While it may have been more complex for the hackers to access the systems of the Kenya Revenue Authority and the National Transport and Safety Authority, experts say there is increasing concern that widespread use of private e-mail addresses to communicate sensitive information provides a soft target.

Even more worrying is whether the information shared among government officials through the private e-mail addresses is archived for future reference.

Since the Narc administration took big strides in embracing e-government in 2004, there has been minimal progress in ensuring security of official information at a time when hacking — some of it thought to be sponsored by various countries — is a global concern.
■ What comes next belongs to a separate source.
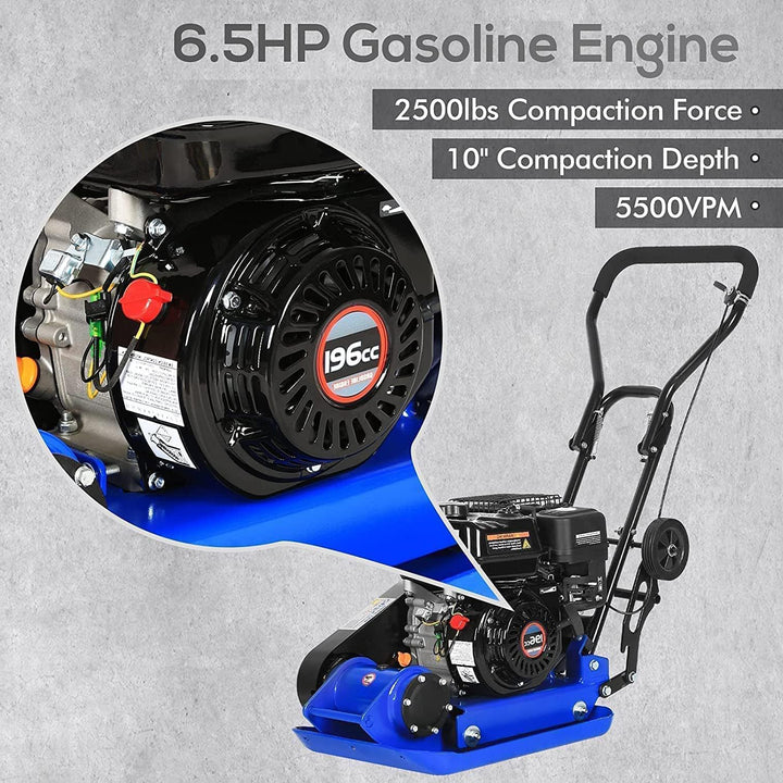 HYKOLITY 6.5HP Plate Compactor 196cc 2500lbs Force 5500 VPM 21x14.5 in Gas EPA Engine Adjustable Throttle Vibratory Ground Tamper Jumping Jack Soil

Now experts warn that while improved internet access is an advantage for Kenya, it also attracts local and international hackers.

Mr Samson Wanjohi, a developer whose Shulepro software is used by schools to store and manage their data, says the risks from hackers cannot be over stated.
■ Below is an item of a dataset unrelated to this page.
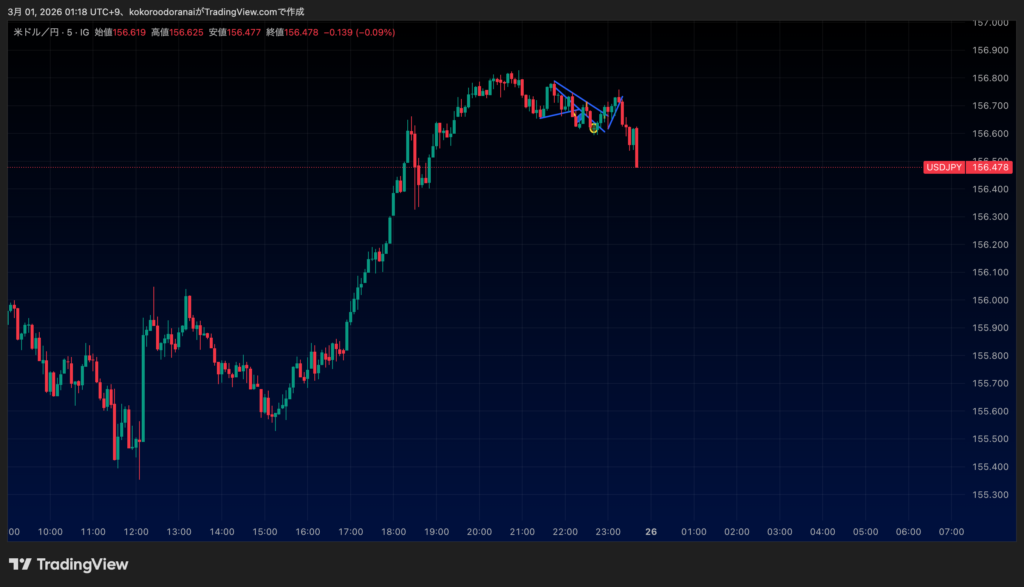 まずは初手の3連敗を一つ一つ解説していく。まずは初手のロングミス...これは後述するけど、ここをレンジと見て跳ね返りを期待して逆張りのロングをしてみたら失敗。ついでこの抜け方(落ち方)はもどってこないかなー?と思って追撃する形で順張りのショート、ここもなんか戻ってきて損切り逃げ。

“Fast internet is good for business but it’s a double edged sword. You get sophisticated hackers dropping by,” he said.  

In the past, there has been defacing of a number of government websites in January 2012 by a hacker believed to be from Indonesia. In 2014, the Twitter accounts of Deputy President William Ruto, Kenya Defence Forces and that of its then spokesman Major Emmanuel Chirchir were also hacked.
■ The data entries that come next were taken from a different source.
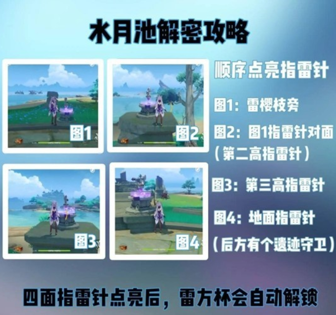 - 注意:必须照着顺序点亮,就会解锁前方的雷方杯。
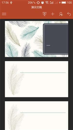 专为安卓手机与平板打造的PPT应用,不仅能让您享受到电脑端PPT熟悉的功能——包括图像、图表、动画效果、渐变等,还为您带来了优化的触控操作体验以及高效便捷的移动办公体验。
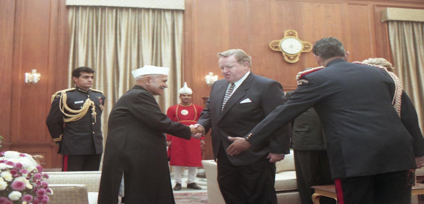 The President of India, Dr. Shankar Dayal Sharma meeting with Shri B.B. Madhukar at Rashtrapati Bhavan in New Delhi on November 13, 1996.

Mr Wanjohi noted that in 2015 the Indian government banned all employees from conducting official business on Gmail because of concerns over surveillance by US spy agencies.

In the US, the use of a private server returned to haunt Democratic candidate Hillary Clinton in last year’s elections. She used it when she was Secretary of State. There have also been allegations that Russian hackers accessed the Democrats’ servers and leaked information that damaged Mrs Clinton’s campaign.    

Information Cabinet Secretary Joe Mucheru said it was an issue for concern but indicated that the ministry had requested the Treasury for funds to address the issue.

“ We presented our case to Parliament and we are awaiting their decision. We have asked for consolidation of the ICT budget from all ministries to my docket,” he told Nation.

State House Director for digital communication Dennis Itumbi said government was concerned with the widespread use of third party systems: “We are setting up a Presidential Public Service Innovation Hub that will spot best ICT minds not only to nurture them but also offer technology solutions for government,” he said.

Former Information PS Bitange Ndemo, who is credited with improving the ICT environment during his tenure said there was need to have a law on how government officials communicate and store information.